Появление перед Чацким на фамусовском вечере большинства действующих лиц абсолютной обязательностью не обладает. Пьеса могла бы и обойтись без Горича или без Тугоуховских. И столь же не обязательно тем, кто выходит на сцену, выходить в такой именно последовательности. В этом смысле замечание Вяземского в адрес комедии, что «здесь почти все лица эпизодические, все явления выдвижные: их можно выдвинуть, вдвинуть, переместить, пополнить, и нигде не заметишь ни трещины, ни приделки» [18], не лишено резона. (Впрочем, так же не обязательны еще «набор» и порядок появления друг за другом чиновников в «Ревизоре»).

Но место Репетилова закреплено очень твердо. Встретиться с ним Чацкий может, только потерпев уже поражение в Москве, ославленный безумным и покидающий дом Фамусова. Тут, в этом месте комедии, Репетилов, о чем у нас уже шла речь, оказывается в необходимом внутреннем «сцеплении» с героем, приоткрывает завесу над его возможным будущим. И Чацкому он, значит, не совершенно чужой, хоть тот об этом, конечно же, и не подозревает [19].

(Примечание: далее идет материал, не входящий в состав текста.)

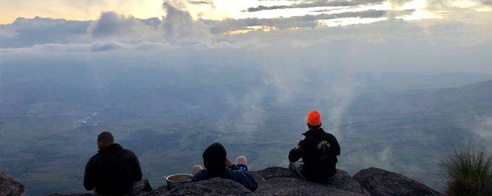 Пора прощаться со сказочным древним миром. Утром после завтрака участники экспедиции спускаются к подножию величайшей столовой горы мира. Отдых по дороге на одном из “балконов” – смотровой площадке с волшебными видами на Гран Сабана. Разбиваем лагерь у подножия. Ужин. Ночь в палатках.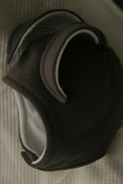 Два слоя флиса (серый плотный, белый тонкий), защита от ветра на ушках, липучка - застежка.
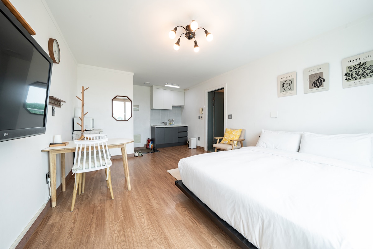 Es befindet sich im Dorf Daepo-dong direkt neben dem Jungmun-Tourismuskomplex in Seogwipo-si. Daepo-gu ist 5 Minuten zu Fuß von der Unterkunft entfernt. Die Stadtbusse fahren die Seitenstraßen oben und unten Wenn Sie den Flughafenbus benutzen, können Sie in Daepo-gu aussteigen. Die Unterkunft befindet sich im 2. Stock eines 2-stöckigen Hauses Der Besitzer wohnt im ersten Stock Die Unterkunft ist über eine Außentreppe erreichbar Hinter der Unterkunft können Sie den Hallasan sehen Rund um die Unterkunft gibt es Zitrusplantagen und Häuser Da es im Dorf ist, ist es ruhig Die Fenster sind groß, so dass es hell und kühl ist, und die Einrichtung ist ordentlich.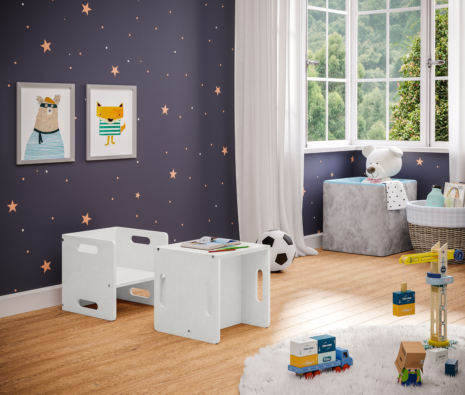 Aki 2in1 drehbare Kindersitzgruppe, 2x Stuhl, weiß lackiert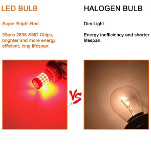 GLOFE 1157 BAY15D LED Strobe Flashing Brake Lights Bulb, Pure Red Super Bright Flashing Stop Lamps 1004 1016 2357 7528 12V 39-SMD with Projector Replacement for RVs, Cars, Trucks, Pack of 2
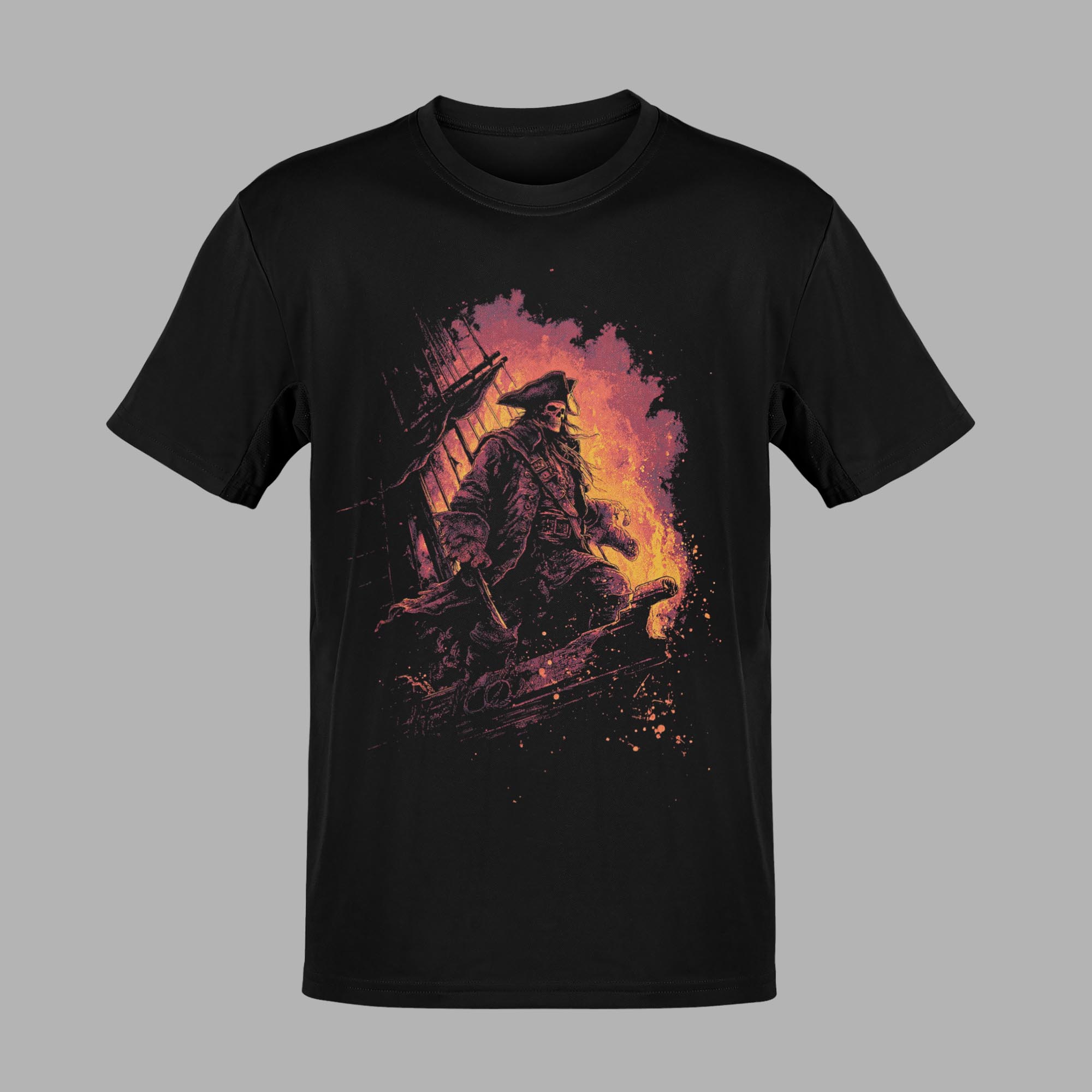 Bold pirate captain t-shirt energy: a skeletal captain rising from a burning deck, framed by crackling flames and splintered wood.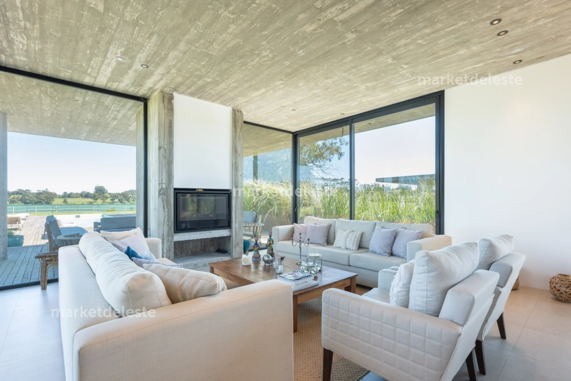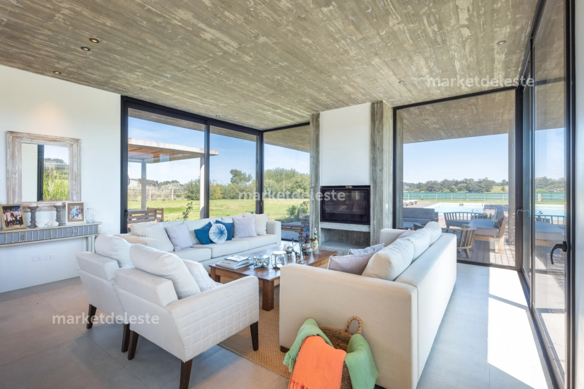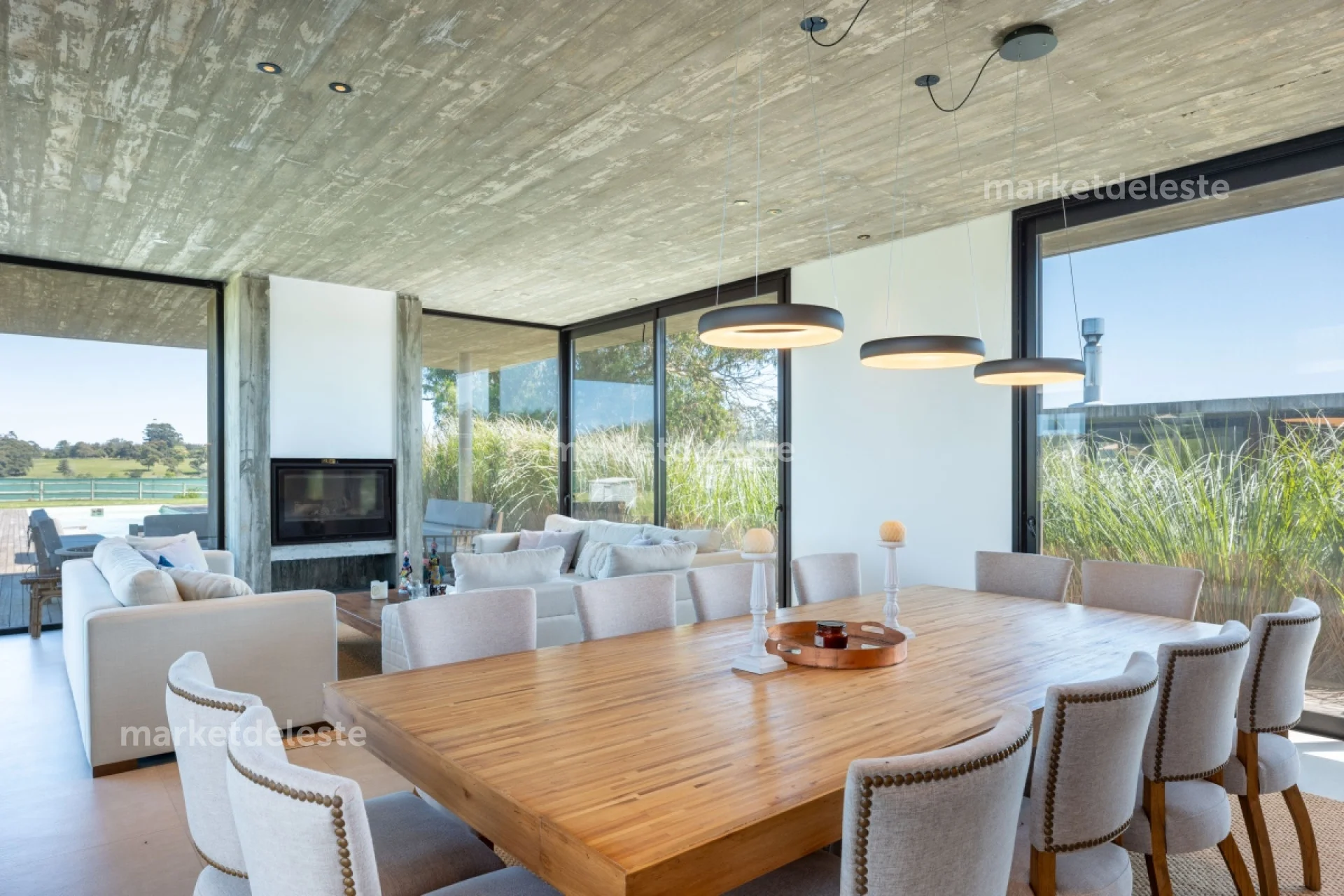 Esta magnifica casa de 4 dormitorios, 5 baños es la definición de lujo y confort. Sumamente luminosa, de amplios ventanales con vistas al verde, lagos y espectaculares arboledas. La casa consta de 2 modulos principales, en el modulo principal se encuentra el living comedor, cocina, comedor diario y toilette, seguido de este bloque, se encuentra el segundo bloque con 3 dormitorios en suite. Separaado casa con dormitorio de huespedes.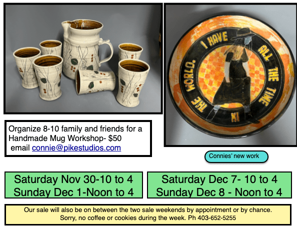 It’s time again for our Christmas Sale. How time flies. If you’re from the city, you might want to do some xmas shopping getting away from the big mall parking and crowds experience and come to High River for the day. We have a pottery shop filled with fine hand made items. I’m sure that men in your life, might like something a bit different than a tie or housecoat. We have mugs- all sizes even giant ones and jugs and dishes and Thai Noodle Bowls, Chopstick bowls, paintings and sculptures and interesting small gift items. And we have 20% off of everything in the shop. It’s two weekends and (the week in between by appointment.) We don’t keep regular shop hours, so we recommend you give us a shout if you need to come during the week. 403-652-5255 (answering machine and we’ll get back to you) or 403-652-5584 for the studio number. If you come to our sale, I’ll give you a tour of the studio and you’ll have a better understanding what an artists’ life is all about including the processes we use everyday. After 52 years we have some interesting stories to tell and I will gladly give you advice on how to boost your career as an artist. I love giving tours and telling the stories that allowed Pike Studios to be born.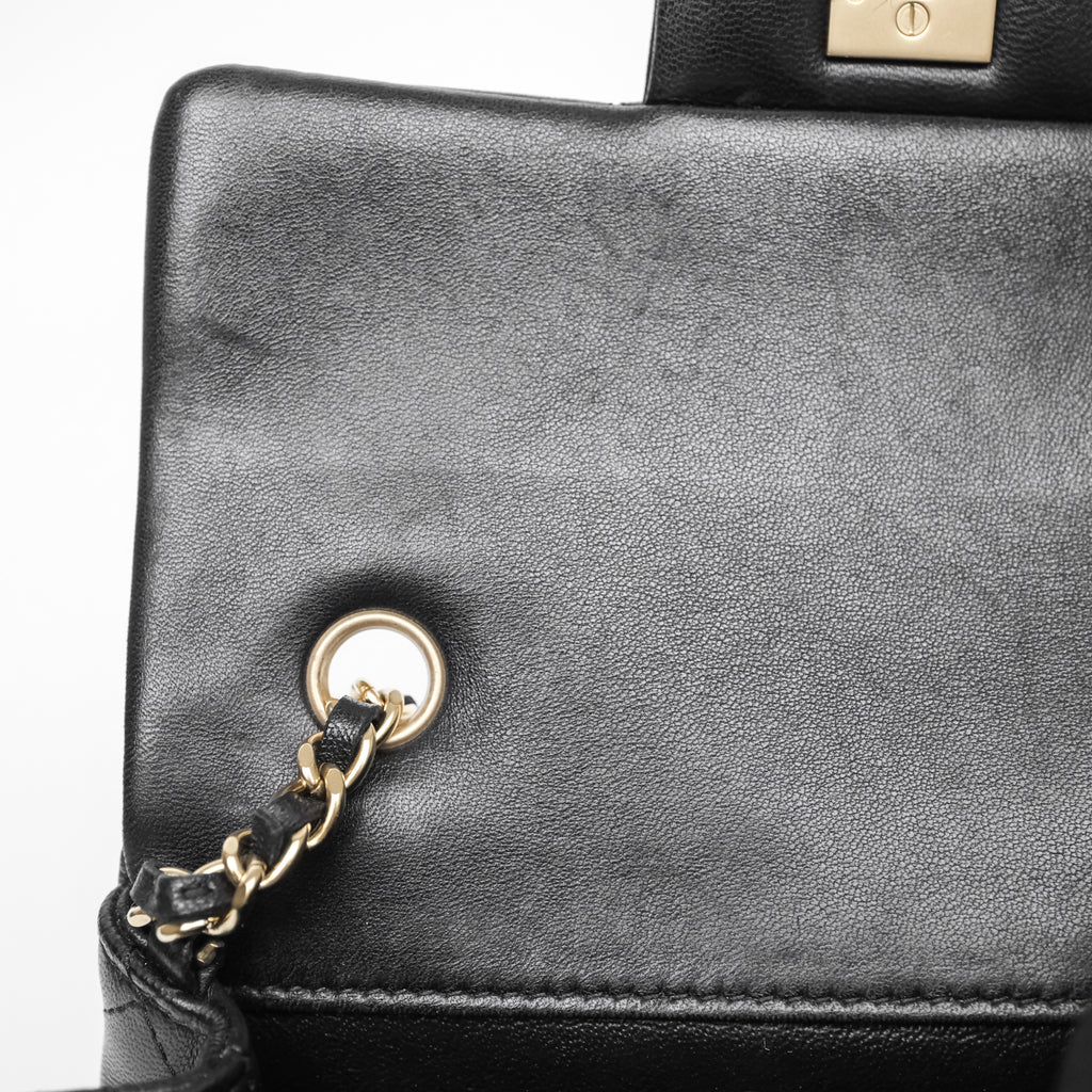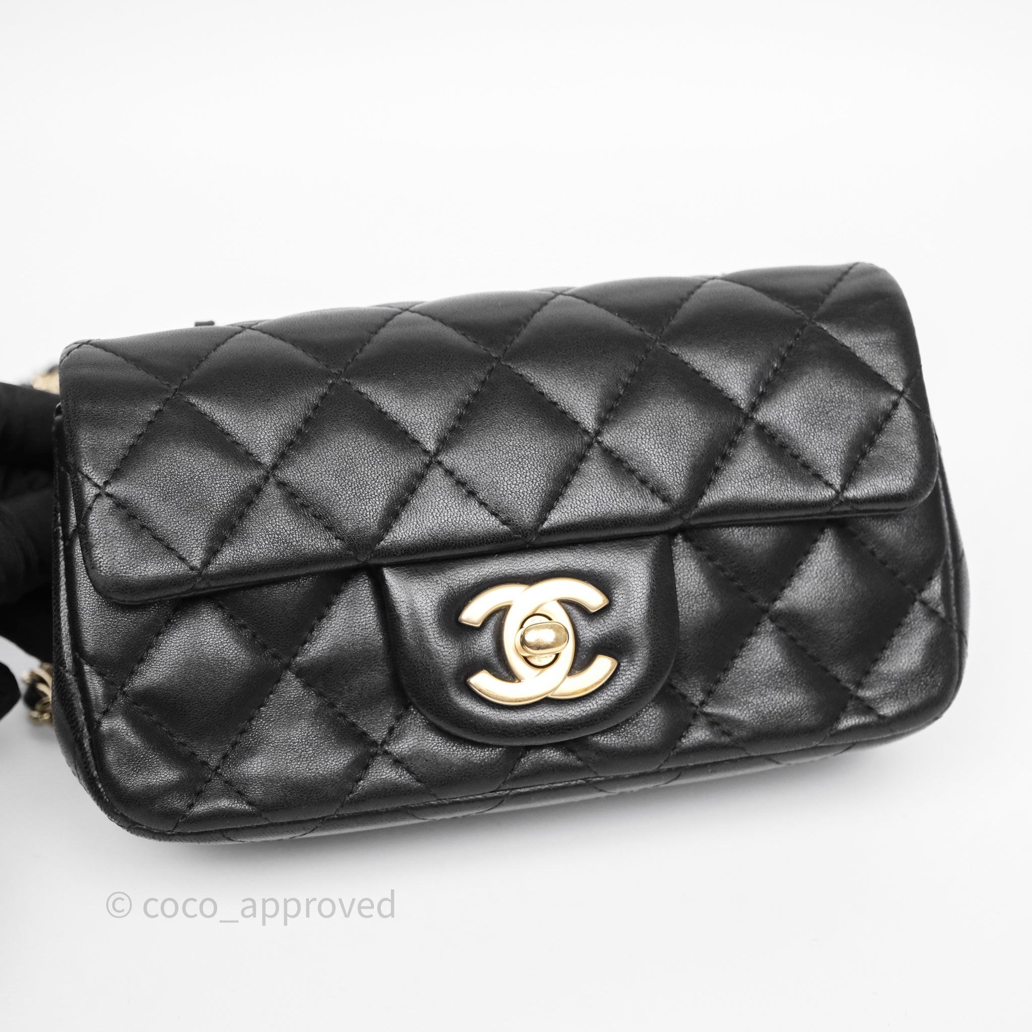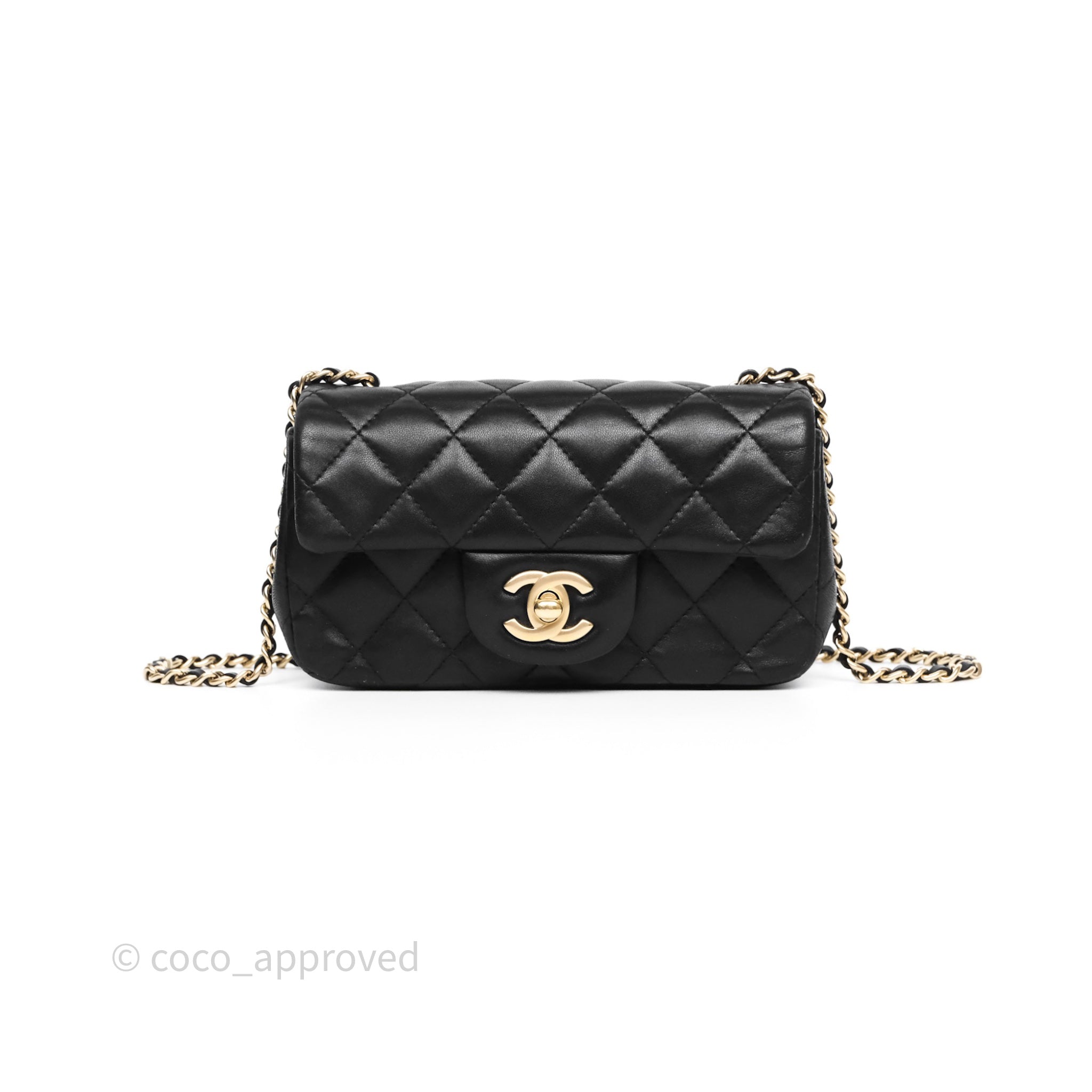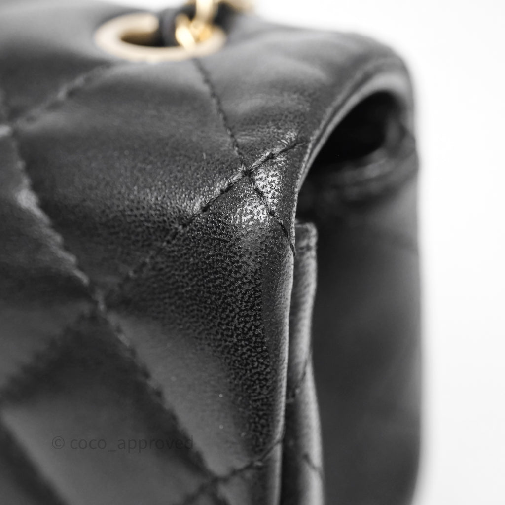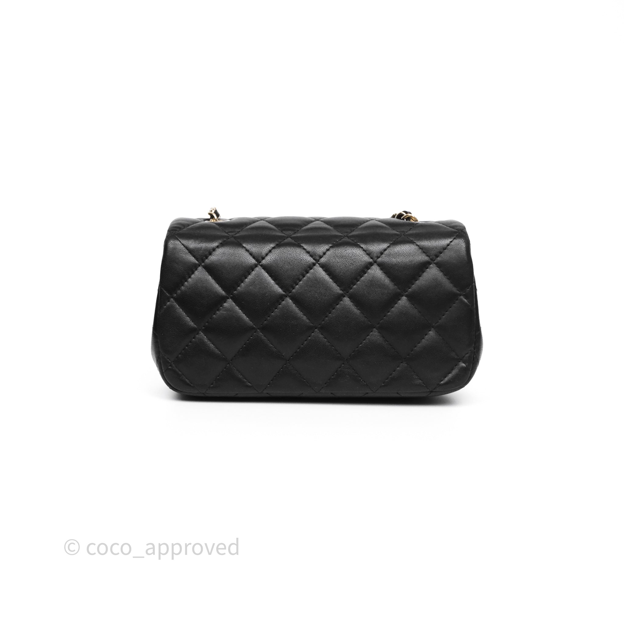 Chanel Quilted Extra Mini Rectangular Flap Black Lambskin Aged Gold Hardware

Наконец, из речей Репетилова следует, что, «умишком понатужась», он может «каламбур родить», из которого уже другие «водевильчик слепят». То есть и к искусству он, получается, причастен.

Не случайно именно Пушкин выказал к этой фигуре внимание, заинтересовался ею. В его собственном Ленском, возникшем позднее, когда тот уже уходит из жизни, человеческое предназначение так еще и не определилось, и возможны, что называется, «варианты». Причем «варианты», далеко друг от друга отстоящие, даже противоположные. (Любопытно, что Белинский и Герцен, рассматривая будущее Ленского, останься он жив, разное предполагали наиболее вероятным). Татьяна удивила своего создателя, выйдя замуж, и Пушкин этой неожиданности как будто радовался...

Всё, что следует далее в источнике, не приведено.